Coop ignored it out of spite.
“The cadet will stand when a superior officer enters the room.” It was Sergeant Escobar, the man in charge of wrangling the soldiers on this floor. Sergeant Escobar took every opportunity to force military correctness on Coop, and Coop did his best to ignore Sergeant Escobar.
“Is this really how he lives?” whispered a voice Coop didn’t recognize.
Despite himself, Coop looked up to find Sergeant Escobar in his bunk, that stupid copper whistle about his neck. A man he didn’t know stood next to General Robert Ashpholt in the doorway. The new guy’s hardware marked him a Lieutenant Colonel.
General Ashpholt shrugged and said, “He’s a simple man.”
“The cadet will stand when a superior officer—“
“Yeah, yeah,” Coop interrupted, pushing to his feet. His knees cracked and his ankles ached and every joint was cold. That happened sometimes when his body was fixing extensive damage. He’d have to plug into the charging pod if he wanted it done faster.

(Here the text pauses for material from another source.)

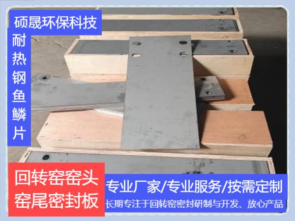 - **迷宫+鱼鳞片密封装置:这种结构通过固定在头尾罩上的金属鳞片与旋转筒体上摩擦环的接触实现密封。耐热钢鱼鳞片(摩擦板)、碳硅铝复合板(密封体)、钢板鱼鳞片(压板)依次在椎体法兰上用螺栓连接固定,耐热钢鱼鳞片紧贴冷风套上,然后用张紧装置实现无间隙密封。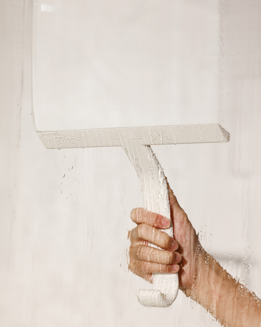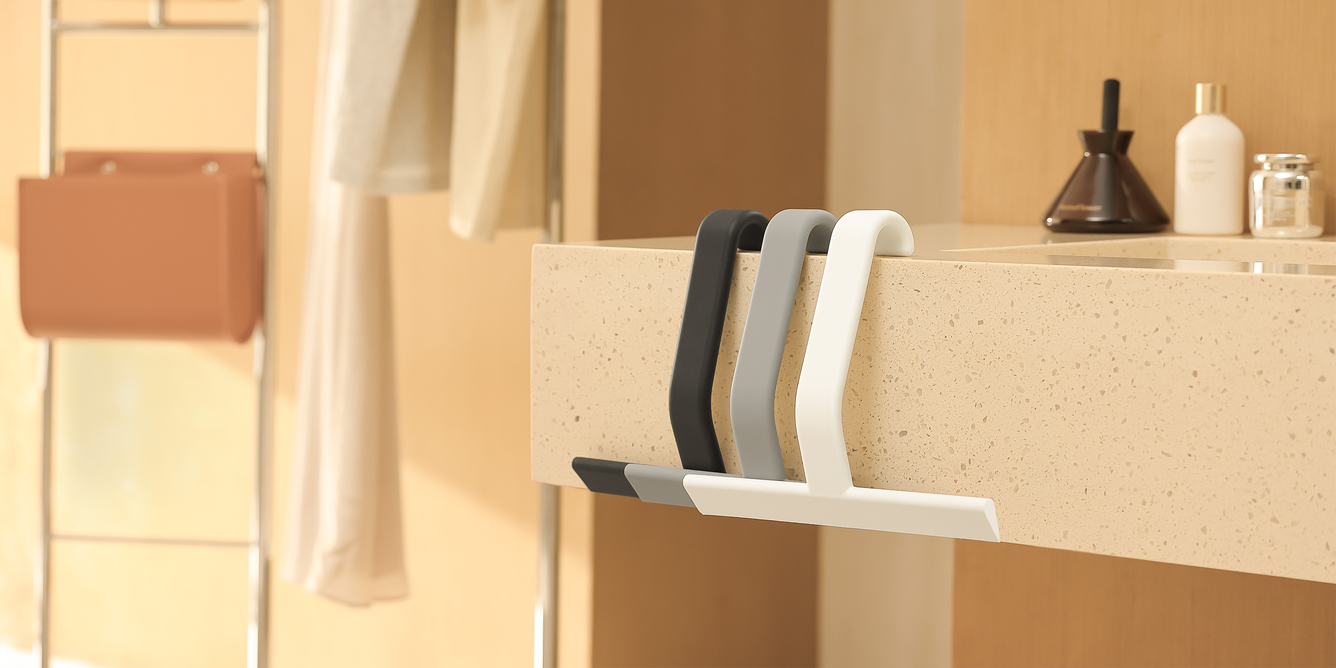 The shower squeegee that hangs itself โ no suction cups, no drilling.

“Cadet C-009, you will not interrupt a superior officer.”
General Ashpholt entered and waved a hand. “At ease, Sergeant. Give us the room.”
Sergeant Escobar’s face went red and Coop knew a moment of satisfaction. The Sergeant left so stiff Coop wondered if he really did have a rod up his ass. The Lieutenant Colonel, whose nametag read Pennington, entered. The door closed behind him. Coop sat with a thump. He ached all over.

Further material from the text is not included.